The Holocaust in France

For decades after World War II, French officials celebrated the Resistance as though it had embodied the true spirit of the French people. They tended to ignore the widespread anti-Semitism that helped to motivate the collaborationists who far outnumbered the resisters—and underpinned the willing support of the fascist Philippe Pétain regime for the Holocaust. Because it was not the Gestapo, the SS, or the Wehrmacht that rounded up 75,000 Jews in France and sent them off to the death camps. It was French police officers. And most French, like Lucien Bernard in this novel, looked on with barely disguised indifference at best.

The French Resistance

By the end of World War II, roughly half a million French people had participated in the Resistance. That’s somewhere in the range of one or two percent of the country’s population at the time. But most of them enlisted only in the final months of the war once victory seemed certain. From 1940, when the Nazis circumvented the Maginot Line to seize Paris, until the Allied victory in Normandy late in 1944, the numbers were dramatically lower. Lone individuals like Lucien Bernard in this novel were the rule, not the exception. And most of them lost their lives for their efforts to resist.

During the early years of the war (1941-44), what passed for the French Resistance was organized by the Communist Party. But only after the Nazi invasion of the Soviet Union in June 1941. Before then, the USSR was an ally of Nazi Germany. And the Communist Party was following the Stalinist line.

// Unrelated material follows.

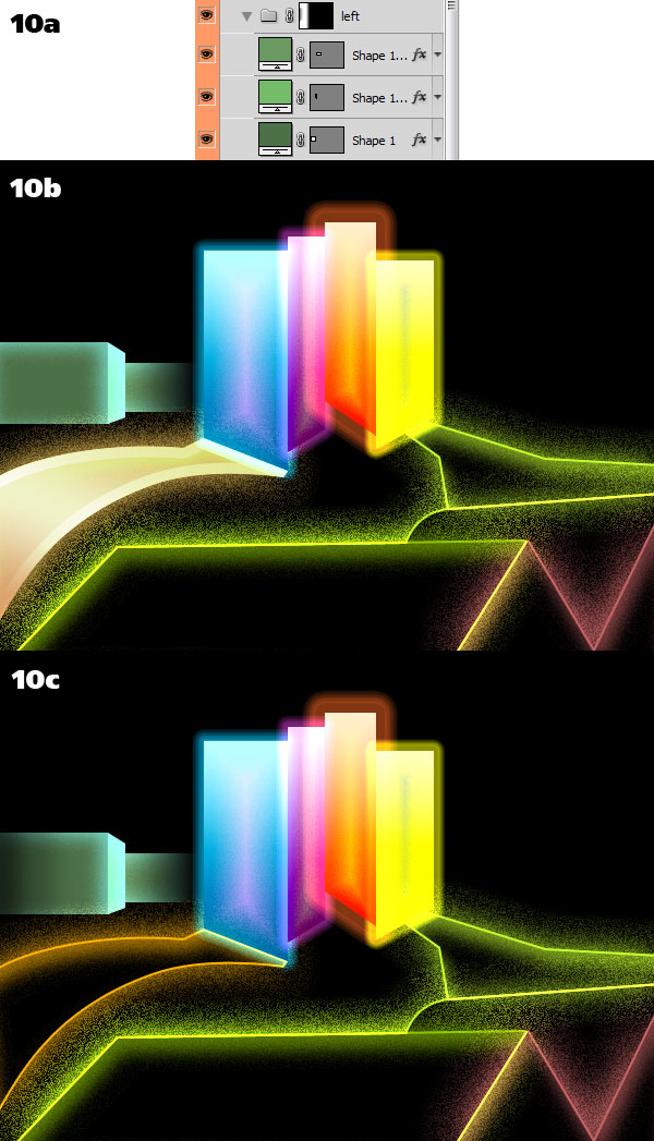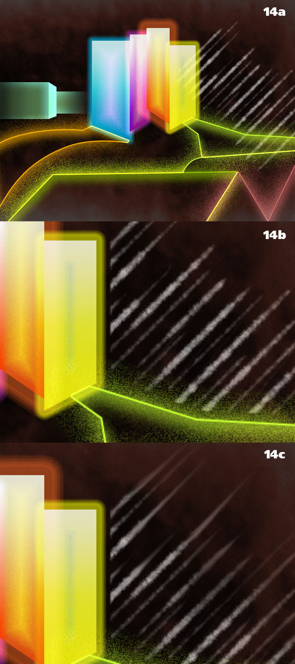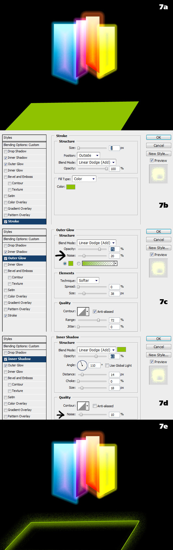 For the roofs and the ramp we are going for a “neon and space dust” look. It’s just a matter of using layer styles in a slightly unorthodox manner to achieve interesting results. Take the first roof (7a) and turn down the Fill to 0%, effectively making it disappear: only the layer styles will be visible. Apply a Stroke and make it bright by choosing the Linear Dodge blending mode (7b). This is neon enough. The space dust effect is accomplished by turning on noise for both Outer Glow (7c) and Inner Shadow (7d). See? (7e).

Once the Party joined the fight, they dominated the Resistance. The anti-Communist Free French who followed General Charles de Gaulle were few in number by comparison. Their numbers grew as Britain’s Special Operations Executive parachuted agents into the country, steering funds and arms to fighters on the ground. But they only became a formidable force as the Normandy Invasion approached. Then, the two arms of the Resistance began to work in concert to aid the invasion and, early in 1945, force the Germans out of France.

About the author

Photo of Charles Belfoure, author of this novel about a reluctant hero in WWII
Charles Belfoure. Image: Amazon.com

Charles Belfoure was born in 1954 in Baltimore. He received a bachelor’s in architecture from the Pratt Institute and a master of science in real estate development from Columbia University. A specialist in historic preservation, he has taught both at Pratt and at Goucher College in Baltimore. The Paris Architect was the first of his five novels to date. He has also written four monographs on the history of architecture. Belfoure is the father of two children, a daughter and a son who died young in a tragic accident. He lives in Maryland.